Gravitational decoherence predicts loss of quantum coherence in massive superposition states, with a decoherence rate that depends on the mass, superposition size, and spatial geometry. The optimal experiment for measuring this effect maximizes the coherence time of a macroscopic quantum state while minimizing environmental decoherence. Key design parameters: test mass, temperature, vibration isolation, and the measurement scheme for witnessing coherence. Here the optimization landscape is qualitatively different — dominated by noise budgets rather than signal geometry.

These two examples show that different physics targets lead to fundamentally different optimal configurations, even when the underlying technology (precision interferometry, quantum-limited measurement) is the same.

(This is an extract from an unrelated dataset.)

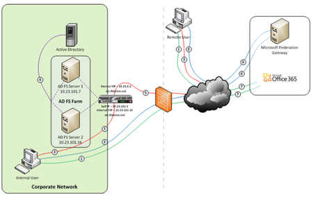 このパートではADC(Application Delivery Controller)について説明します。先のパート1ではBig-IPの優れた負荷分散機能を使って社内ADFSファームと境界部ADFSProxyファームの両方を展開することにより、ハイアベイラビリティと拡張性を確保しました。しかしBig-IPはこれ以外にもさまざまな方法でアプリケーションデリバリに貢献します。このパート2ではADFSProxyレイヤの代わりとしてAccess Policy Manager(APM) モジュールを使用します。この手法の事例として、最も一般的な使用ケースであるウェブベースのMicrosoft Office 365(英語)アプリケーションとフェデレーション化を行い、このアプリケーションへのシングルサインオンを可能にするためADFSを展開する場合を考えてみます。 このADFSProxyサーバの目的は、インターネットからアクセスできないADFSサーバへの要求を受領し、それを転送することです。パート1で述べたように、ハイアベイラビリティを実現するには少なくとも2台のプロキシサーバに加えて負荷分散ソリューション(もちろんF5 Big-IP)が必要です。F5のアプライアンスにAPMを実装することにより、これらのサーバが不要になるだけでなく、境界部で事前承認を行い、またクライアントサイドでのチェックなど高度な機能(アンチウィルスのバリデーション、ファイアウォールの検証など)の導入によりおそらくよりセキュリティを強化した展開が実現します。 前提事項および製品展開のための資料 - この展開シナリオでは、読者にBIG-IP LTMモジュールの管理に関する一般的な知識と、APMモジュールに関する基本的な理解があることを想定しています。詳細やガイドが必要な場合はF5のサポートサイトASKF5(英語)を参照してください。下図は社内外のクライアントがADFS経由でOffice 365にアクセスする場合の典型的なプロセスフローを示しています(受動的制御、「ウェブベース」のアクセス)。 両方のクライアントがOffice 365リソースへのアクセスを試みます。 両方のクライアントがそのリソースのフェデレーションサービスにリダイレクトされます(注:このステップはMicrosoft Outlookなどのアクティブクライアントの場合には省略されることがあります)。 両方のクライアントは社内のフェデレーションサービスにリダイレクトされます。 ADFSサーバがアクティブディレクトリに対してクライアントを認証します。 ・社内クライアントはADFSサーバファームのメンバーに直接負荷分散されます。 ・社外のクライアントは: - APMのカスタマイズ可能なサインオンページ経由でActive Directoryに対し事前認証されます。 - 認証されたユーザはADFSサーバファームのメンバーにリダイレクトされます。 ADFSサーバは、署名済みのセキュリティトークンとリソースパートナーへのクレームセットを含む認証クッキーをクライアントに提供します。 クライアントはMicrosoft Federation Gatewayに接続し、そこでトークンとクレームが検証されます。Microsoft Federation Gatewayが新しいセキュリティトークンをクライアントに提供します。 クライアントは新しい認証クッキーをそれに含まれるセキュリティトークンと共にOffice 365リソースに提示してアクセスを行います。 仮想サーバとプールメンバー - (社内と社外の)すべてのユーザは同じBig-IPを経由してADFSサーバファームにアクセスしますが、その要件とそれ以降のユーザエクスペリエンスはそれぞれ異なります。社内の認証されたユーザはADFSサーバファームに直接負荷分散されますが、社外ユーザは(APM経由で事前承認を得た後にADFSファームのメンバーへのアクセスを許可されます。このため2つの仮想サーバが使用され、その1つは社内アクセスに、もう1つは社外からのアクセス専用となります。社内と社外の仮想サーバには、いずれも同じ社内ADFSサーバファームプールが関連付けられます。 社内の仮想サーバ - 社内ADFSファームの仮想サーバ設定については本シリーズのパート1をご覧ください。 社外の仮想サーバ - 社外の仮想サーバのコンフィグレーション設定は、本シリーズのパート1に記載した仮想サーバの場合と同様です。これに加え、APM Access Profile(下記設定のハイライト部分を参照)が仮想サーバに割り当てられます。 APMのコンフィグレーション設定 - 社外ユーザが社内のADFSファームへのアクセスを許可されるのに先立ち、以下のAccess Policy Manager(APM)コンフィグレーションが作成され、社外向けの仮想サーバに関連付けられます。先に述べたように、APMモジュールは事前承認に加え、クライアントサイドでのチェックやシングルサインオン(SSO)など高度な機能も提供します。もちろんこれらはさまざまな機能のほんの一部に過ぎません。ASKF5(英語)にはクライアントサイドのチェックに関する詳細が記載されています。 AAAサーバ - ADFSアクセスプロファイルはActive Directory AAAサーバを使用します。 アクセスポリシー - ADFSアクセスプロファイルには以下のアクセスポリシーが関連付けられています。 ログオンページの表示に先立ち、クライ

Computational search is essential because human intuition about one target doesn’t transfer to the other.

Connection to generative optical design

This work shares methodology with the Generative Optical Design project in the AI pillar, which uses gradient-based optimization (the Urania framework) to discover novel gravitational-wave detector topologies. The key difference is the target: generative optical design optimizes for astrophysical sensitivity (detecting mergers, neutron stars), while computational experiment design optimizes for quantum-gravity signatures.

The Urania framework’s core capability — differentiable simulation of arbitrary interferometer topologies — is directly applicable here. By replacing the astrophysical sensitivity objective with a Fisher information objective for a quantum-gravity signal, the same gradient-based search can explore the space of interferometer configurations optimized for fundamental physics. The technical tools overlap, but the objective functions are fundamentally different: detecting a black hole merger requires broadband strain sensitivity; detecting spacetime granularity may require optimizing cross-correlations, specific frequency dependencies, or non-classical measurement bases.

Open questions

  • Objective function: What should you optimize for? Different quantum-gravity models predict different signatures. Is there a model-independent figure of merit — perhaps based on the volume of excluded parameter space — or must each experiment be designed for a specific theory? Multi-model optimization that maximizes sensitivity across a portfolio of QG models would be more robust but potentially less sensitive to any single model.
  • Feasibility constraints: Computational search can propose exotic configurations that are theoretically optimal but practically impossible. Encoding real-world constraints (available laser power, achievable vacuum levels, detector noise budgets, budget) into the optimization is essential but risks over-constraining the search. Pareto-optimal frontiers — trading sensitivity against cost and complexity — provide a richer basis for decision-making than single-objective optima.
  • Verification: If an algorithm proposes a novel experimental design, how do you verify that it actually has the claimed sensitivity? Independent simulation, analytic cross-checks, and prototype experiments at the Caltech 40m lab all play a role.
  • From optimization to discovery: The most valuable outcome of computational experiment design may not be finding the optimal configuration for a known signal, but discovering that certain configurations are surprisingly sensitive to signals that weren’t the original target — serendipitous sensitivity. Systematic exploration of the design space can reveal unexpected connections between experimental parameters and physical observables.